Forms of Light - bright clear sunny day versus a cloudy overcast day
The forms of light can be quite varied but there are 2 basic kinds, 1) a bright cloudless sunny day will produce a more harsh light with distinct shadows and 2) a cloudy, overcast day will produce a much softer light and often with little or no shadows. In between these 2 extremes, there are infinite variables that we could describe as anywhere between a lightly cloudy day to a heavy cloudy day.
In my woodworkweb workshop, I installed a few years ago a series of fluorescent 4 foot light fixtures and 5,500 Kelvin fluorescent tubes ... and I bought a small box of spare tubes, most of which I still have. This lighting gives me very soft lighting because the light is quite dispersed through the fluorescent tubes and the deflectors in the fixtures. This means that the shadows in my workshop are not distinct.
Because I am also producing woodworking videos I like to have more light and I like to have control of that light so most of the time I have 3 light stands that also hold 5,500 K light bulbs, and up until recently were also fluorescent. The problem with using the bulbs in my light stands is that as of a few weeks ago, I have not been able to find replacement 5,500 K bulbs, not had I been able to find 5,500 K LED lights ... until I discovered SANSI LED. I found that SANSI had 5000 K LED bulbs and was sure that they would be close enough to the 5,500 that I preferred, but since I had no other bulbs to even try, that was the route I went.

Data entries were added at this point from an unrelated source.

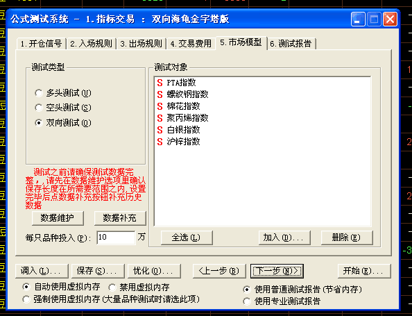 主题:请问一下软件自带的双向海龟测试 里面怎么让一笔资金适用于多品种回测, 因为软件里只有每只品种投入多少的选项,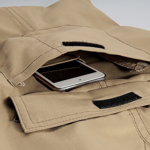 3Sサイズは女性シルエットです。カーゴポケットはマジックテープ仕様です。キーやキーチェーンが取り付けらツインループ仕様です。右側カーゴポケット上にファスナー付きポケットもあります。 |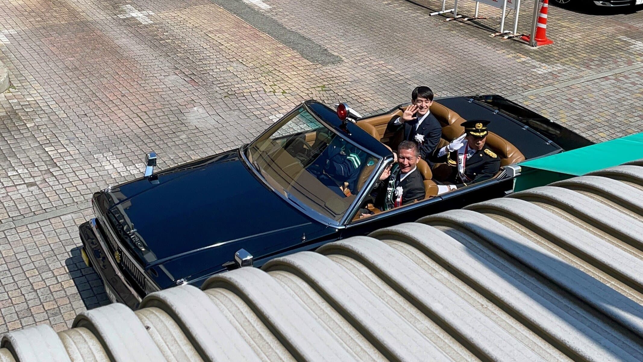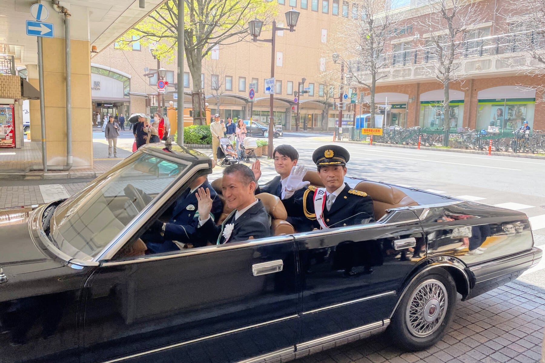 ↑桧山さんと高島市長は並んでオープンカーに乗車!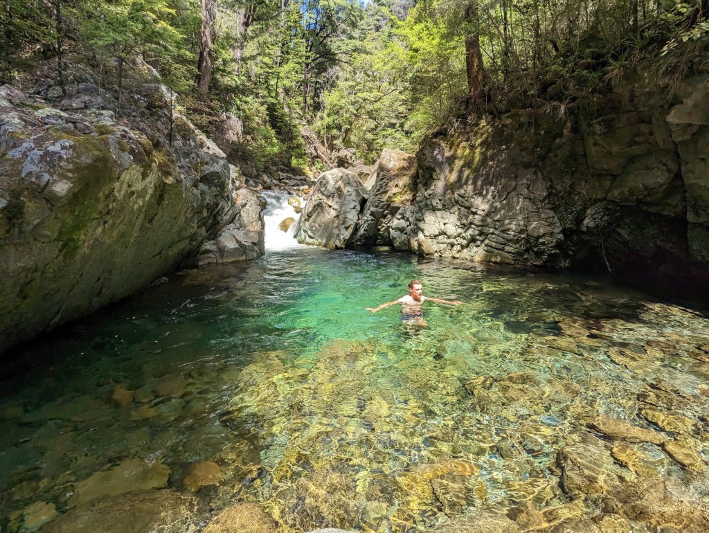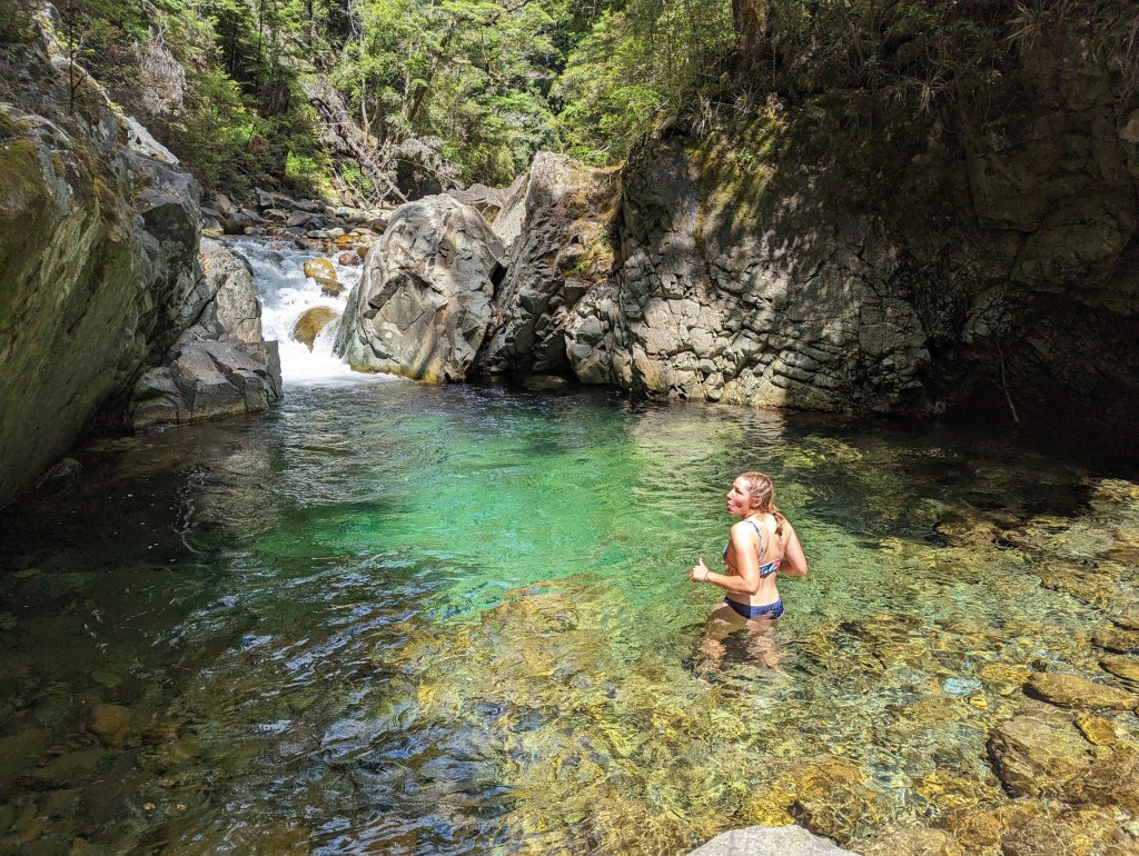 Vers 12:30 on est complètement en nage à force de marcher dans la forêt sans vent. On décide alors de nous trouver un bassin dans la rivière que nous suivons pour y faire trempette lors de notre pause lunch. Après une demi heure, Roxann et Josh nous rattrapent et nous terminons notre repas ensemble. En partant, on envoie un message via notre balise gps à Laura et Fleur pour savoir où elle sont et surtout si tout va bien. Quelques minutes plus tard on apprend qu’elle ne sont qu’à à peine plus d’un kilomètre derrière. Ouf 😊

Between the overhead lights and the LED video lights, I am using, I now have a bit better mix of lighting, which means that shadows stand out a bit more and all that means now I can identify some of the defects in my projects a bit more readily ... like jointer chatter and planer snipe and even hand planing tear-out that happens from time to time.
The 2 images below are taken with different lighting, the top is taken with diffused lighting, often called flat lighting because it tends to mask shadows and thus the jointer chatter is not visible.
The image below is of the same wood in the same spot and you can see that by using a direct light that mimics the sun, with one direct source, it makes the shadows stand out a bit more making the jointer chatter easier to see.
Both diffuse and direct of some call it specular lighting are fine in a workshop, what's important is that you know what you have and that you know it's pros and cons, diffuse light can tend to minimize shadows, thereby masking some defects we might want to see in the wood whereas specular or direct light with it's harsher shadows can help us to spot these defects a bit easier.
The same is true even when hand planing. You can see that the grain pattern on the front of this board is a bit scattered which can lead to tear-out which is often harder to spot under diffused light which means you need to work a bit harder in looking for defects because you don't want to be finding them AFTER your project has had it's finishes applied.
Lighting is an important factor and once you have a better idea how to work with it, your woodworking can only improve.